Il déclarera, pages 233-234 : chaque croyant sait qu’il est lui aussi une partie et une création de l’Univers (= de Dieu), qu’en lui aussi se manifeste l’activité et la vie de ce principe divin, qu’il est donc lui aussi pour les autres un objet digne de la contemplation intuitive. Il fera voir plus loin, 5e discours (pages 266-268), dans la naissance d’un individu humain celle d’une conscience déterminée de l’Univers, nécessaire à la multiplication de ces consciences individuelles, finies ; leur diversification doit viser à une totalité qui ne saurait être atteinte, puisqu’elle devrait équivaloir à l’infini, mais dont il importe d’approcher le plus possible. Dans ce second discours, page 53, il parle de « la nature infinie et vivante dont le symbole est diversité et individualité », et condamne comme il le fera encore ailleurs, page 64, le misérable idéal d’une « glabre uniformité ».

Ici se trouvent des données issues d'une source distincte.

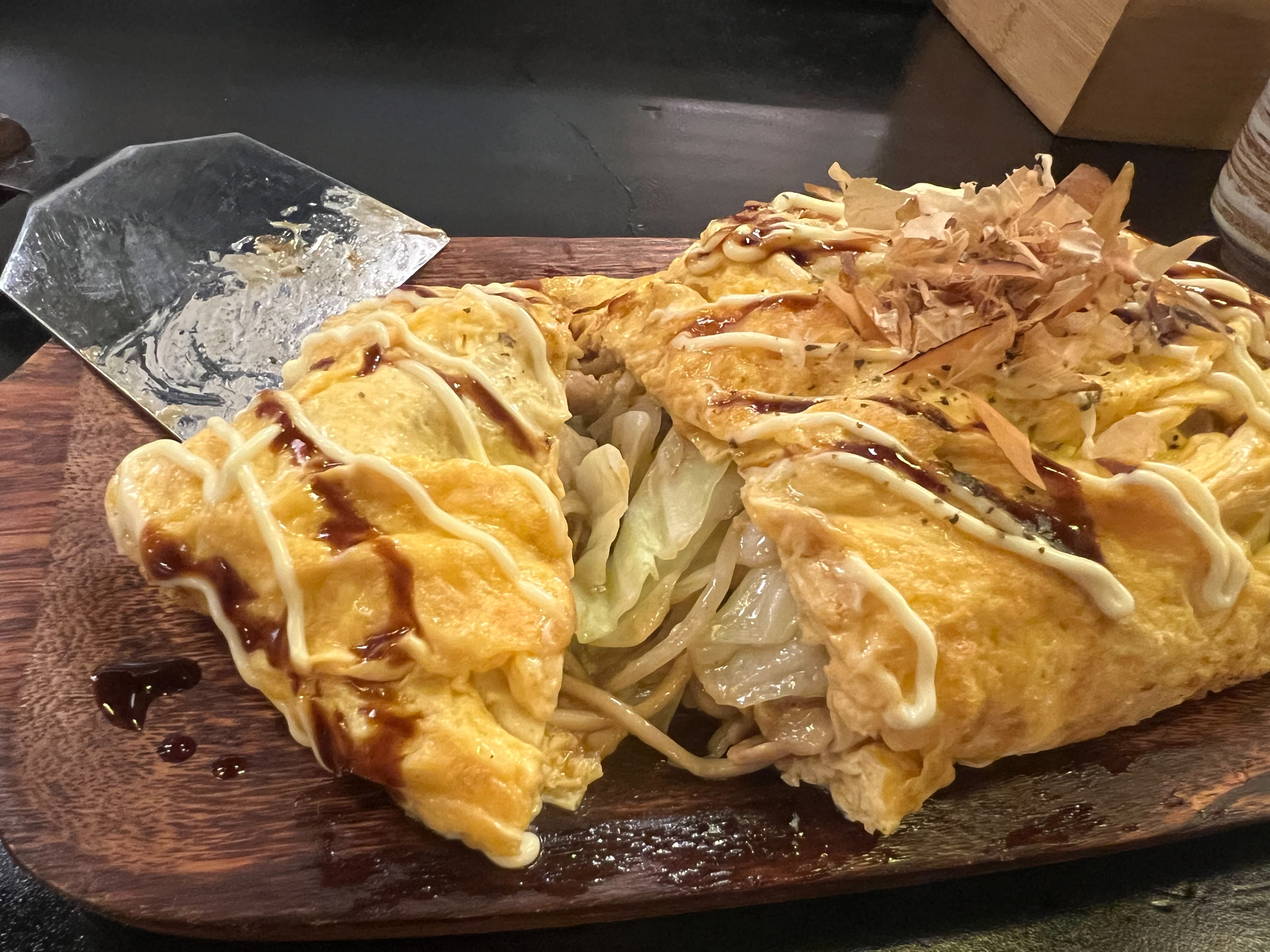 軟嫩蛋皮包著鹹香炒麵,醬香濃厚、份量十足。
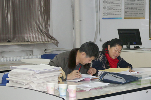 图为校自评专家查阅文档资料

Il devrait donc, semble-t-il, souhaiter à ces consciences individuelles l’immortalité d’une éternité personnelle. Tel n’est pas le cas. Il ne veut voir chez ceux qui y aspirent que le désir d’être doués pour l’éternité d’yeux mieux voyants et de meilleurs membres. C’est à ce sujet qu’il recommande aux individus, pages 132-133, d’anéantir en eux dans ce monde déjà leur individualité, pour vivre dans l’Un et le tout, et se fondre ainsi dans l’Univers, c’est-à-dire dans le Divin. Cet élargissement infini de l’individualité équivaut à une fusion du fini avec l’Infini, et cette fusion avec l’Infini permet d’être immortel la durée d’un instant, « de chaque instant » renforcera la seconde édition. C’est là, conclut le romantique, la vraie immortalité religieuse. Il parlera de même, à la fin du quatrième discours, page 234, du croyant qui, communiant pleinement avec toute l’humanité, « sortant de lui-même, triomphant de lui-même, est sur la voie de la vraie immortalité, de la vraie éternité ».